Down to the last line below, repeat the entries word for word and drop the pictures.

++++ Provided data

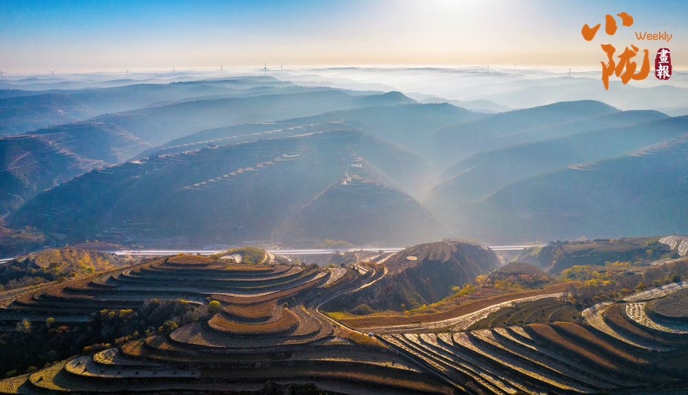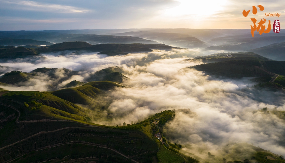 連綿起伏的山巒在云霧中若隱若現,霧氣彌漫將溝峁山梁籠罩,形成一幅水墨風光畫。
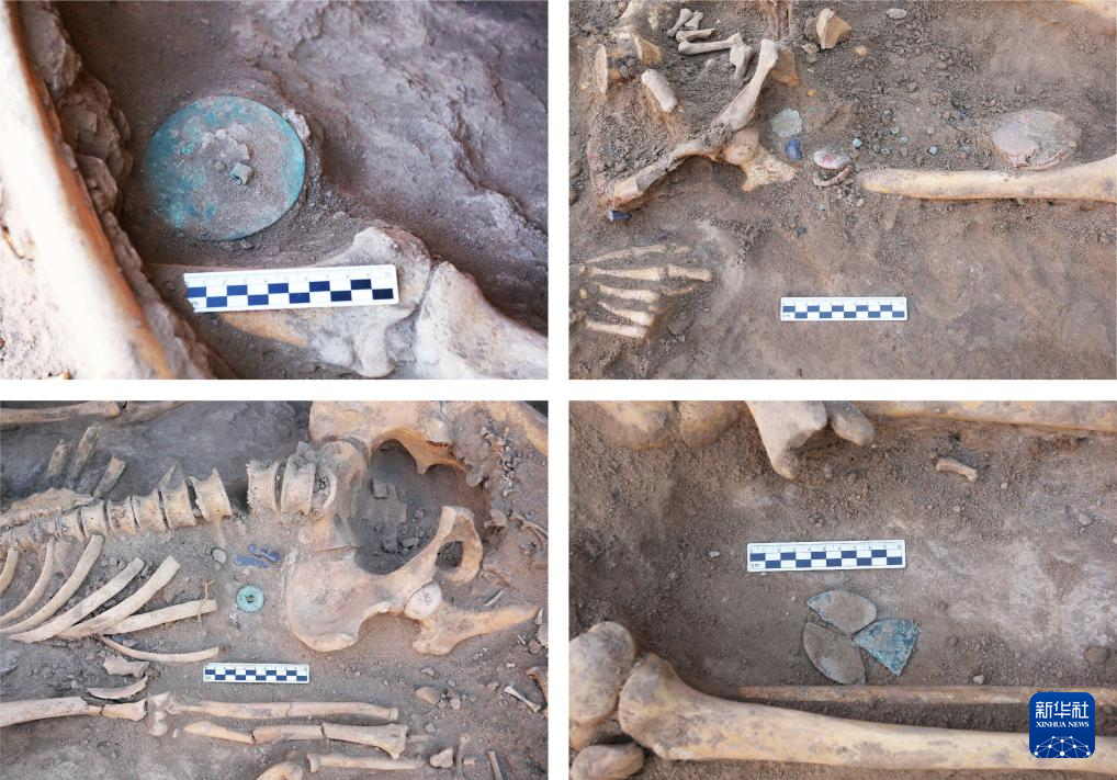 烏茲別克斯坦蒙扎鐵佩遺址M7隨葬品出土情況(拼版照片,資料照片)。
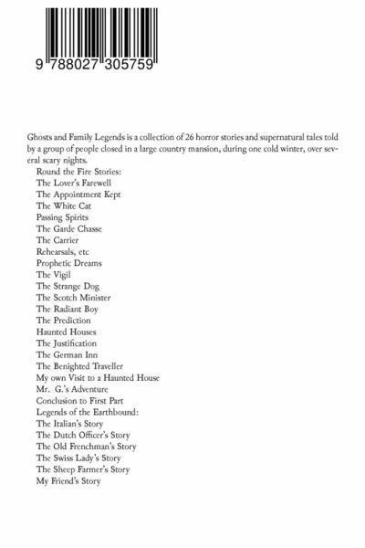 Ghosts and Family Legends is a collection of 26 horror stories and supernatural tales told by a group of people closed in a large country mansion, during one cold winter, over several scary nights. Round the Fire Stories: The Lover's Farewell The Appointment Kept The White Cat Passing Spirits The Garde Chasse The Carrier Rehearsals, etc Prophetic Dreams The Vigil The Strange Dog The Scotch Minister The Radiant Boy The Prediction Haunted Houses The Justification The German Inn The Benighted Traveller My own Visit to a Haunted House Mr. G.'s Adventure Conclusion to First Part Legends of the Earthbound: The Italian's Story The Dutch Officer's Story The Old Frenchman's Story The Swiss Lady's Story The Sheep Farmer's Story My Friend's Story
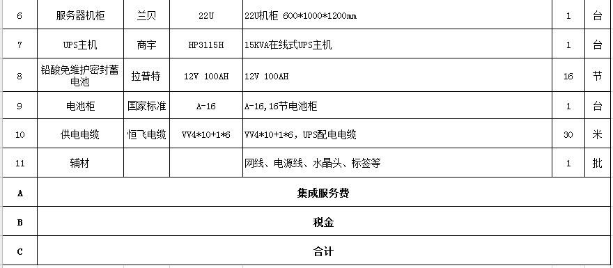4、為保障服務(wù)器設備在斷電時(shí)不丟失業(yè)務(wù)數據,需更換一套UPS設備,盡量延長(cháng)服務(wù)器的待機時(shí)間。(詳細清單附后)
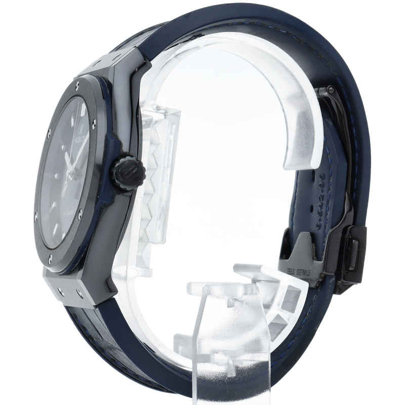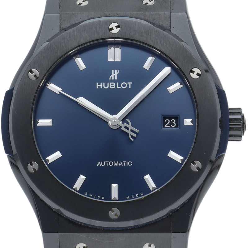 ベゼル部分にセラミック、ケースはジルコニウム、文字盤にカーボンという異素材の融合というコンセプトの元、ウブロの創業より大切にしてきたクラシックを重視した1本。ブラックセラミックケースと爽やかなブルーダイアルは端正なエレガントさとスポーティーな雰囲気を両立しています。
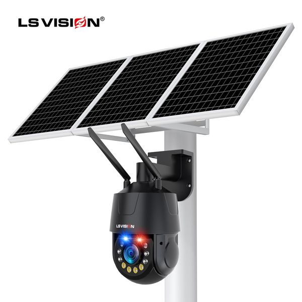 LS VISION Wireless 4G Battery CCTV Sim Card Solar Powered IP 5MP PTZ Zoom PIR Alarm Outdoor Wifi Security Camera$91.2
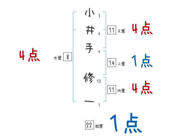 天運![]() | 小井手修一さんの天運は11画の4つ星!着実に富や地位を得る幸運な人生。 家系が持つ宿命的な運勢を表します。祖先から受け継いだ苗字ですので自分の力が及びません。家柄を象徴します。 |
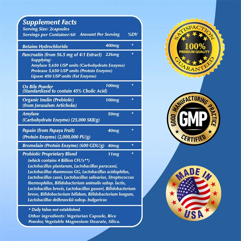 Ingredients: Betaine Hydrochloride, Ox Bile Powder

++++++++

● **Response area**:
 連綿起伏的山巒在云霧中若隱若現,霧氣彌漫將溝峁山梁籠罩,形成一幅水墨風光畫。
 烏茲別克斯坦蒙扎鐵佩遺址M7隨葬品出土情況(拼版照片,資料照片)。
 Ghosts and Family Legends is a collection of 26 horror stories and supernatural tales told by a group of people closed in a large country mansion, during one cold winter, over several scary nights. Round the Fire Stories: The Lover's Farewell The Appointment Kept The White Cat Passing Spirits The Garde Chasse The Carrier Rehearsals, etc Prophetic Dreams The Vigil The Strange Dog The Scotch Minister The Radiant Boy The Prediction Haunted Houses The Justification The German Inn The Benighted Traveller My own Visit to a Haunted House Mr. G.'s Adventure Conclusion to First Part Legends of the Earthbound: The Italian's Story The Dutch Officer's Story The Old Frenchman's Story The Swiss Lady's Story The Sheep Farmer's Story My Friend's Story
4、為保障服務(wù)器設備在斷電時(shí)不丟失業(yè)務(wù)數據,需更換一套UPS設備,盡量延長(cháng)服務(wù)器的待機時(shí)間。(詳細清單附后)
 ベゼル部分にセラミック、ケースはジルコニウム、文字盤にカーボンという異素材の融合というコンセプトの元、ウブロの創業より大切にしてきたクラシックを重視した1本。ブラックセラミックケースと爽やかなブルーダイアルは端正なエレガントさとスポーティーな雰囲気を両立しています。
 LS VISION Wireless 4G Battery CCTV Sim Card Solar Powered IP 5MP PTZ Zoom PIR Alarm Outdoor Wifi Security Camera$91.2
 天運![]() | 小井手修一さんの天運は11画の4つ星!着実に富や地位を得る幸運な人生。 家系が持つ宿命的な運勢を表します。祖先から受け継いだ苗字ですので自分の力が及びません。家柄を象徴します。 |
 Ingredients: Betaine Hydrochloride, Ox Bile Powder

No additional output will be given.